The hunger is so widespread that some people have nothing more than a potato to feed their children, Gebrian, a registered nurse, said.

“It’s amazing how people are hungry in a place where there’s a lot of farmland,” she said. “But without rain people are not able to plant.”

According to the U.N. about 5.2 million of Haiti’s nearly 12 million people are in need of humanitarian assistance, a figure that has doubled in the last five years. Humanitarian partners say they are trying to reach about 3.2 million this year, but said donors have been slow to support a $720 million funding request they launched this year.

“I am particularly concerned by this situation at a time when the Haitian population is already highly vulnerable,” said Jean-Martin Bauer, Haiti’s acting humanitarian coordinator and the current country director for the World Food Program. “The humanitarian response plan is still underfunded, with only 20% of the necessary budget received. I call donors to show solidarity with the Haitian people and ensure funding for this plan.”

Mijoba, who has been critical of international efforts to bring aid to Haiti in the past, said donors need to rethink their definition of help. After the 2021 earthquake that struck the Grand’Anse and southwest regions many of promises were made. But those communities are still struggling to recover.

That struggle is further compounded by Haiti’s worsening gang violence and what she sees as a failure by the international community to help.

“With each disaster, we just talk about how we’re going to rebuild better,” Mijoba said. “I don’t see it. I’ve been living and working in Jérémie for 10 years and I am still waiting to see this rebuilding better. Look at the bridge. That bridge should have been built higher, stronger and in fact many in the community said it wasn’t a good idea to build it where they did because of the rains that caused the river to widen.”

The bridge, installed temporarily last year to replace another one that collapsed in the 2021 earthquake, became impassable after it was submerged in water during the floods and part of its off ramp washed away. Workers made repairs but concerns remain that more rain will make it unstable or impassable. The Office of Civil Protection said Tuesday that National Road 7 connecting Jérémie to Les Cayes was blocked.

Mijoba also echoed a common complaint that everything is centralized in Port-au-Prince.

“It leaves everybody in the country, including the displaced people who are leaving Port-au-Prince, with nothing. There is no humanitarian aid to assist all of these individuals because nothing can arrive,” she said.

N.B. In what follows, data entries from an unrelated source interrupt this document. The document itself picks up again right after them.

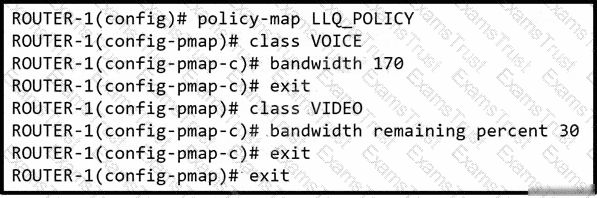 An engineer must modify the existing QoS policy-map statement to implement LLQ for voice traffic. Which change must the engineer make in the configuration?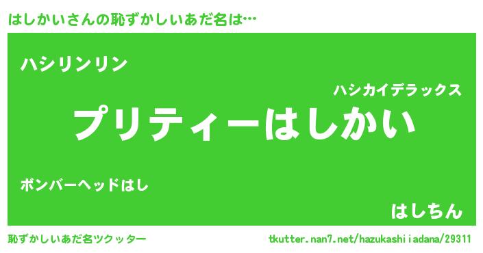 | ヘコむあだ名 | 『はしにー』『はし太郎』『なまこ酢』 |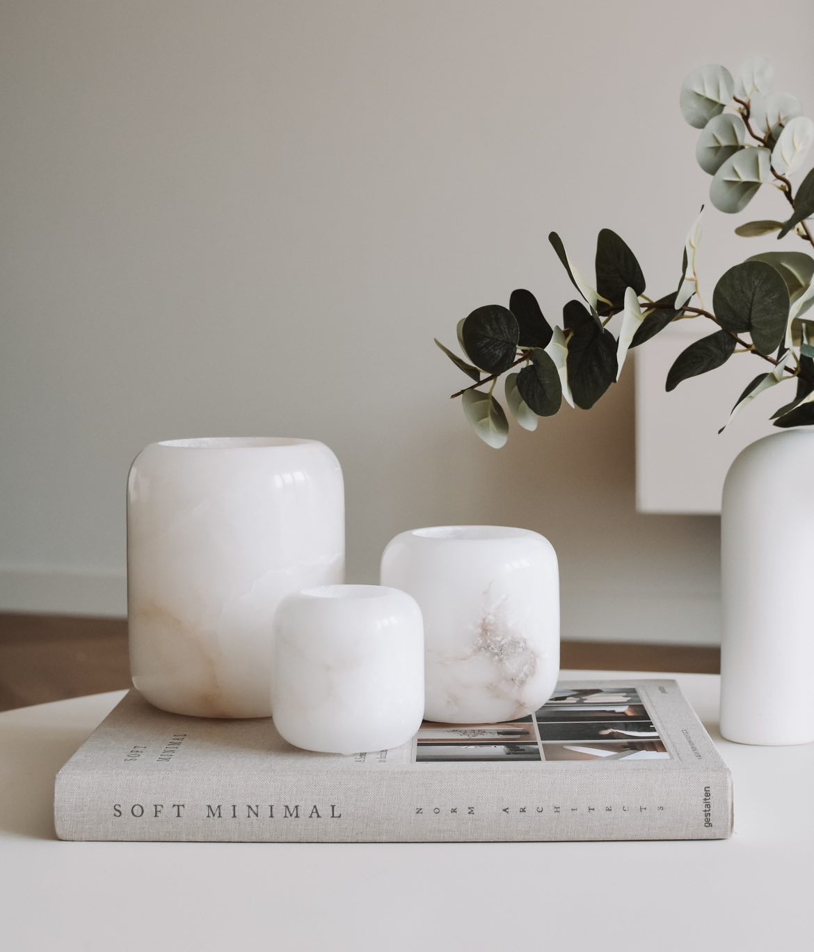 Das Teelicht ist aus Alabaster gefertigt und erhält den luxuriösen Look durch die traditionelle Herstellungsweise. Jedes Exemplar wird von Hand gefertigt, sodass kleine Unvollkommenheiten Teil des Produkts sind.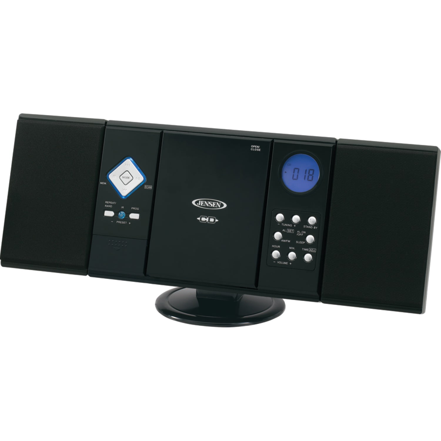 Add entertainment options to your home without taking up floor space with the Jensen JMC-180A Wall Mount CD player. It features a vertically positioned disc loader and offers the option to repeat a single track or an entire album. Program playlists or skip to the song you want. You can also set an alarm as a reminder or a wake-up call. Pick up your favorite local broadcasts and save up to 20 stations or connect a portable music player to the auxiliary port. This Jensen wall-mountable CD system includes a remote control and features a digital display to serve as an intuitive interface.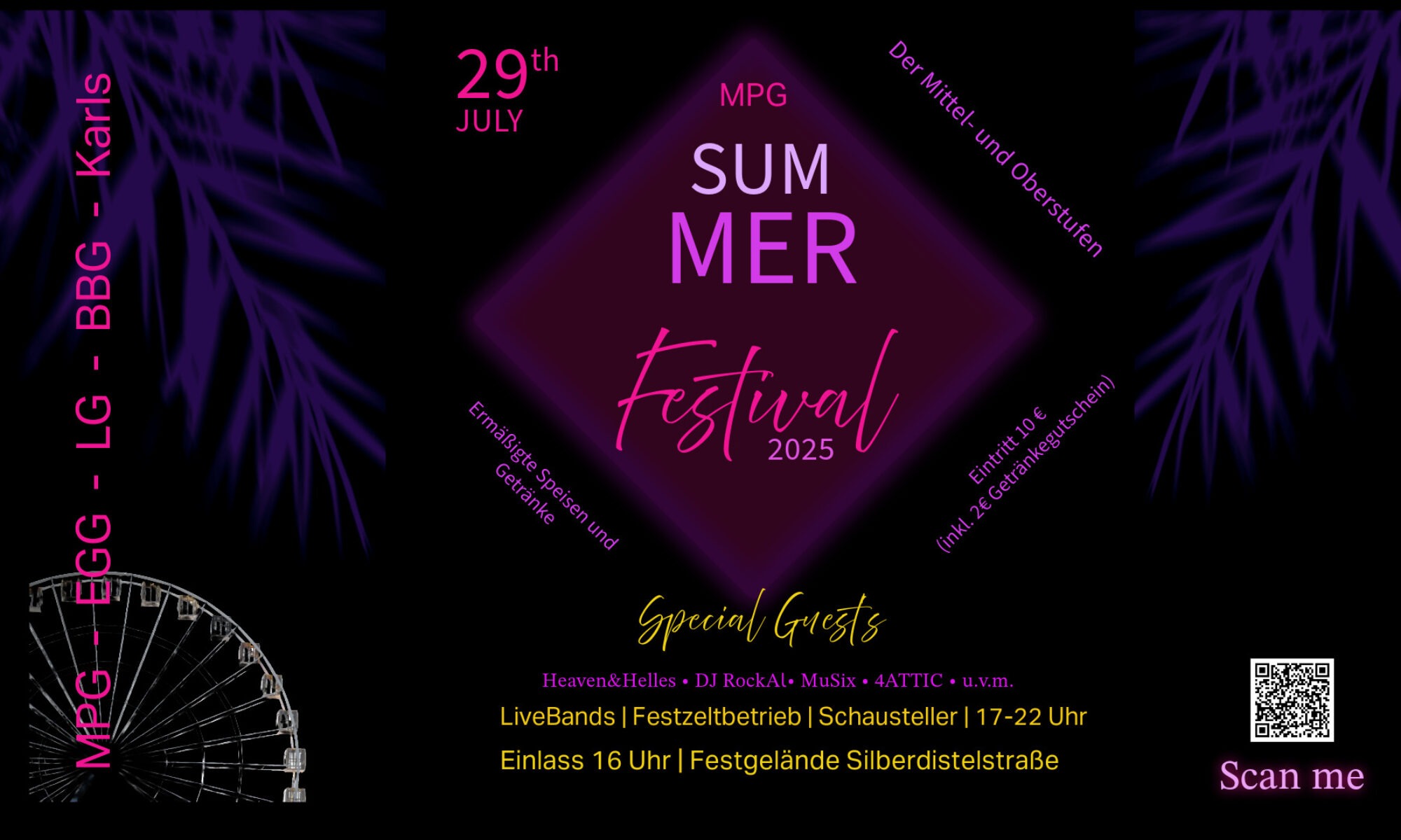 Tickets jetzt auch auf dem MPG Sommerfest am 28.07.25 und an der Abendkasse am 29.07.25 erhältlich.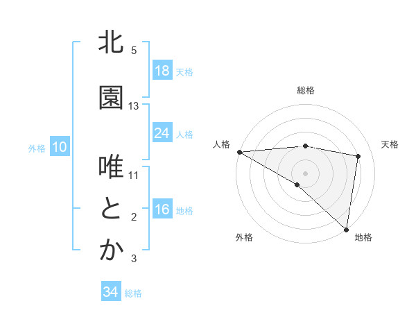 北園 唯とかさんを姓名の画数から五運を鑑定

In the month of March alone, she said, her health charity received 157 displaced pregnant women seeking care. In April, there were 77.

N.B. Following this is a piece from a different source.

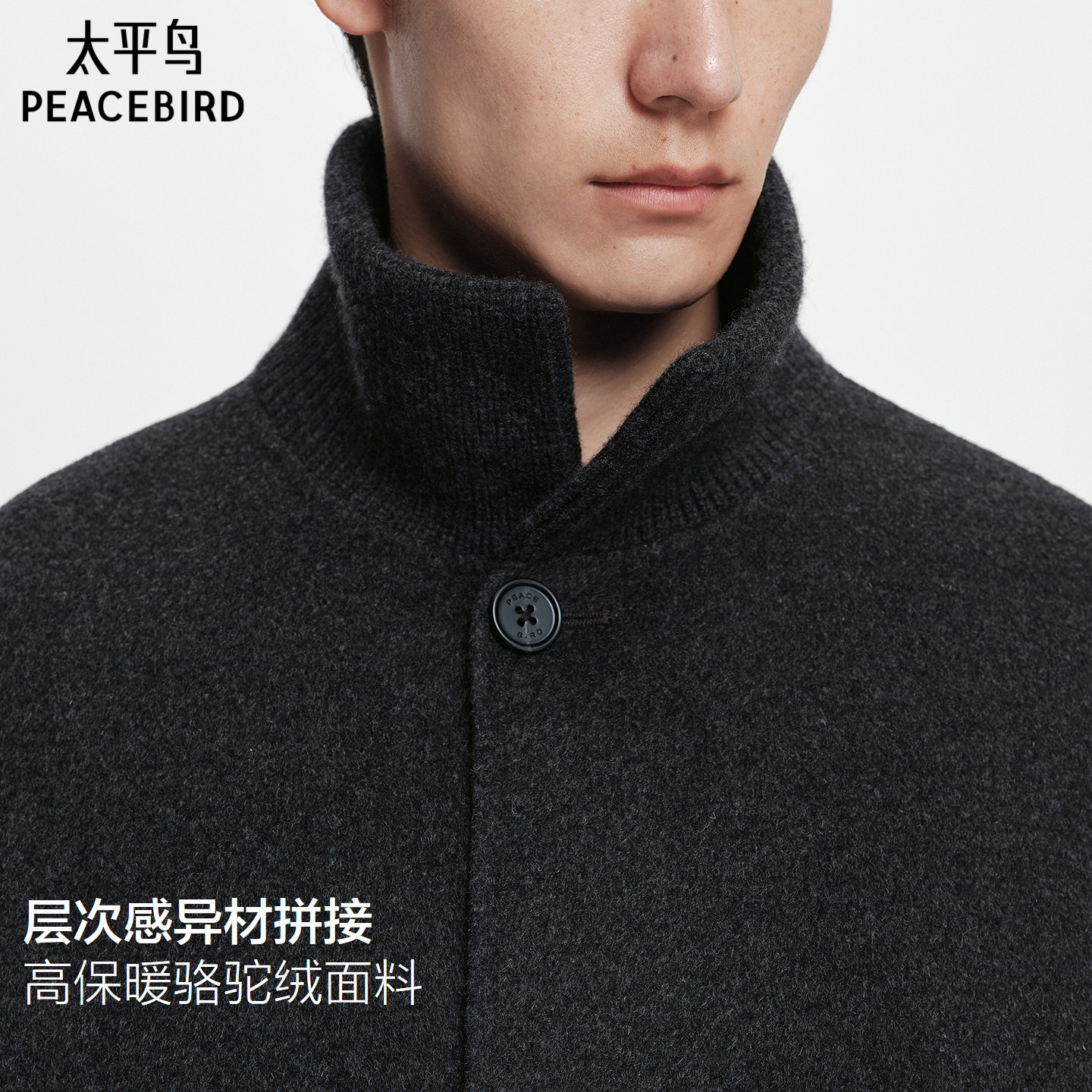 【商场同款】太平鸟男装休闲毛呢大衣材质拼接男士大衣B1AAF4413@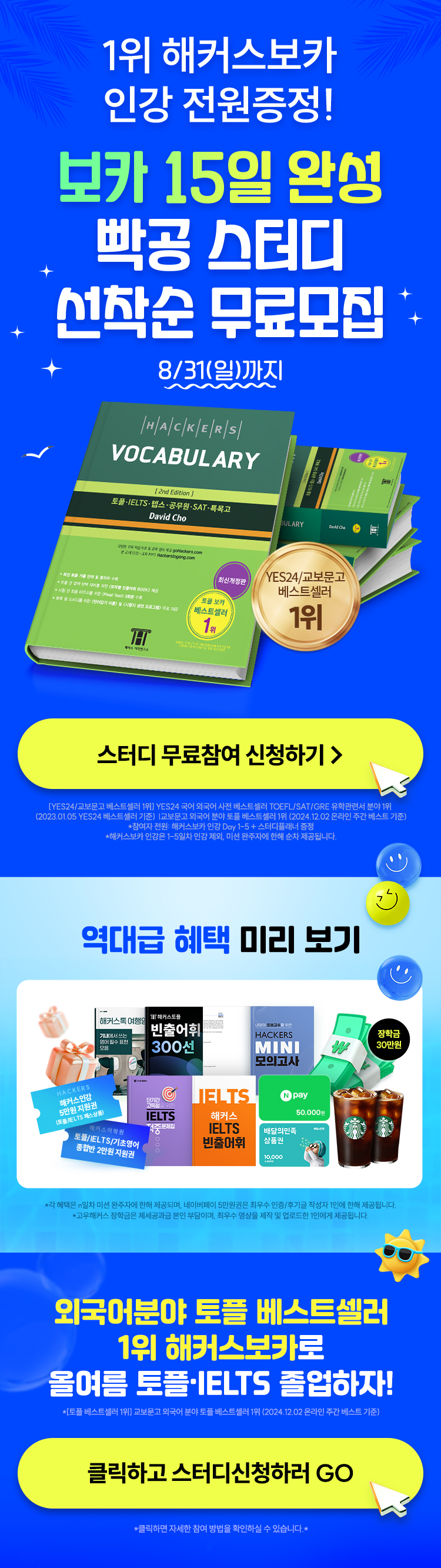 *스터디 미션 성공 시 각 주차별 해커스 보카(초록이) 인강이 추가 제공됩니다.

The death of President Jovenel Moïse five weeks before the August 2021 earthquake exacerbated Haiti’s problems, Mijoba said, but did not start them. The volatile gang situation in Martissant, a key thoroughfare for anyone trying to get to the southern peninsula from the capital, already existed.

“We kept saying it needs to be addressed and we kept asking for help and we all got ignored,” she said. “Things have fallen apart further and they are going to continue to fall apart further including in all of the other areas of Haiti. And where is everybody going to go?”